In Knaffla, there had been no direct appeal. In Myers, the issue raised in the post-conviction proceeding had been raised and decided on direct appeal. In the matter before us now, for the first time, we have a situation where certain issues were, presumably, deliberately not raised on direct appeal because appellate counsel, heeding the words of Chief Justice Burger in Jones v. Barnes, 463 U.S. 745, 103 S. Ct. 3308, 77 L. Ed. 2d 987 (1983), sifted through the potential issues and raised only those which, in the judgment of a professional, were meritorious. But, as to petitioner Case, who wanted to raise every issue on direct appeal, was his failure to raise those issues discarded by appellate counsel inexcusable, as required by our rule? If he was denied the opportunity to raise those issues, either in counsel's brief or in a supplementary pro se brief, his failure to raise those issues was excusable and the unraised issues were properly raised when the federal court sent him back to exhaust state remedies in a post-conviction proceeding. Furthermore, failure to consider the issues raised in such a case on the merits impinges on the right of a criminal defendant to proceed pro se or pro se with some help from counsel. See Faretta v. California, 422 U.S. 806, 95 S. Ct. 2525, 45 L. Ed. 2d 562 (1975), State v. Olsen, 258 N.W.2d 898 (Minn.1977).

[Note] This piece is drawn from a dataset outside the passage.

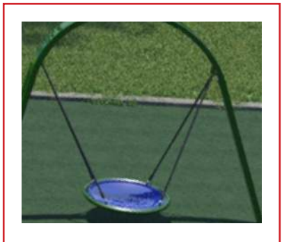
Dish Swing $15,000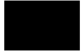
Midnight Black Mica

We are not dealing with an abuse of process. The parties properly tried the issues; the trial court properly analyzed and decided those issues, denying relief; and we have properly affirmed the decision of the trial court on the merits. We should overrule the technical basis for affirmance applied in this case by the Court of Appeals. If we do not, future federal habeas courts will be ruling on issues which our state courts should have ruled on but have not.

YETKA, Justice (concurring specially).

I join in the special concurrence of Justice WAHL.

COYNE, Justice (concurring specially).

I join in the special concurrence of Justice WAHL.


[1] The United States Supreme Court has recently reiterated this concept in Evitts v. Lucey, ___ U.S. ___, 105 S. Ct. 830, 83 L. Ed. 2d 821 (1985).